> [Information provided]:
___
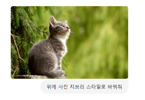 - "이 사진을 지브리 스타일로 바꿔줘"
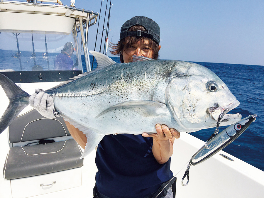 ちなみにサイズとしては、最大で40kg前後。平均サイズは20~25kg。沖縄本島やトカラなどと比べれば、大型のキャッチは少ない。しかしこれは、浅いポイントが多く、キャッチできていないだけかもしれないとのこと。掛かった瞬間になすすべなく終わることもあるという。
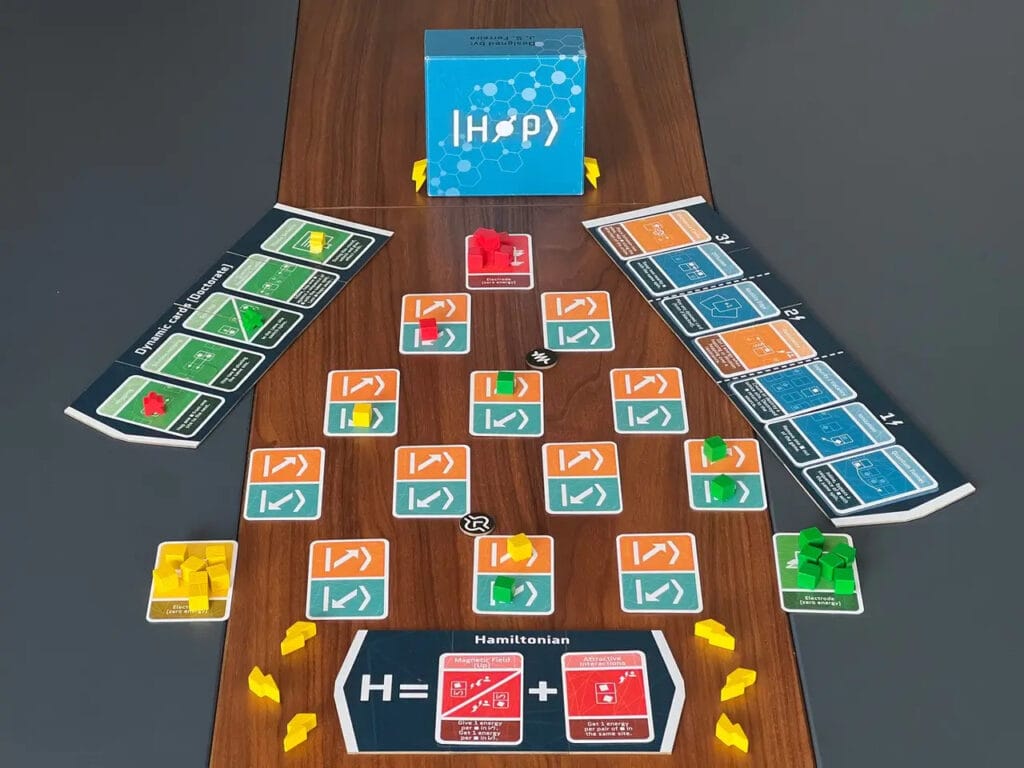 |HOP> est un jeu de stratégie rapide, nerveux et sans aléatoire sur le thème de la physique quantique. Très rejouable, il a pour but de vulgariser des grands principes de physique quantique tout en gardant l’attention de ses joueurs au travers une maîtrise tactique complète.
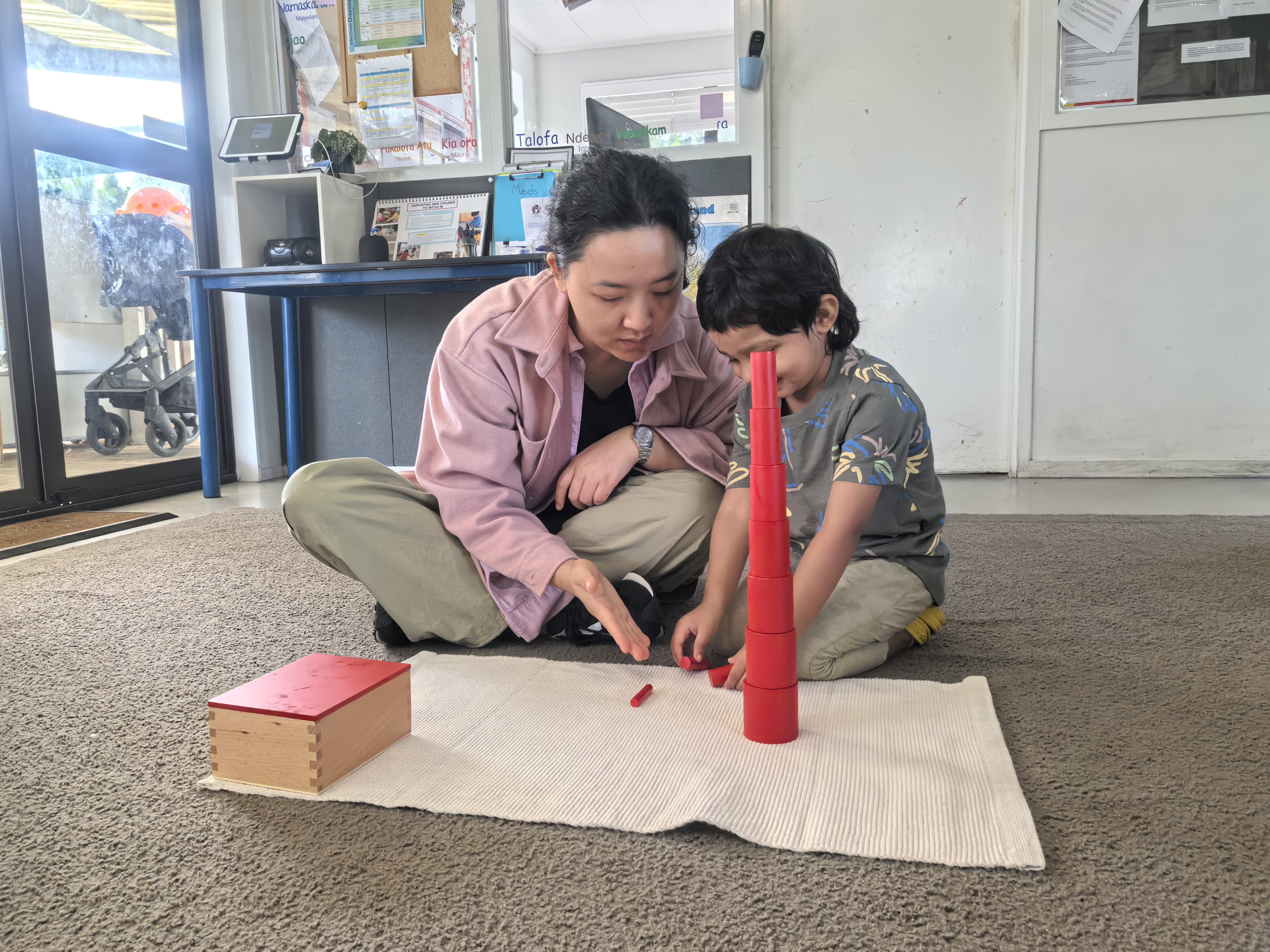 - Materials: Pink tower, color tablets, sound cylinders, geometric solids, and tactile boards.
___
> [Task]:
Reproduce the listing verbatim, pictures excluded.

> [Response to this task]:
 - "이 사진을 지브리 스타일로 바꿔줘"
 ちなみにサイズとしては、最大で40kg前後。平均サイズは20~25kg。沖縄本島やトカラなどと比べれば、大型のキャッチは少ない。しかしこれは、浅いポイントが多く、キャッチできていないだけかもしれないとのこと。掛かった瞬間になすすべなく終わることもあるという。
 |HOP> est un jeu de stratégie rapide, nerveux et sans aléatoire sur le thème de la physique quantique. Très rejouable, il a pour but de vulgariser des grands principes de physique quantique tout en gardant l’attention de ses joueurs au travers une maîtrise tactique complète.
 - Materials: Pink tower, color tablets, sound cylinders, geometric solids, and tactile boards.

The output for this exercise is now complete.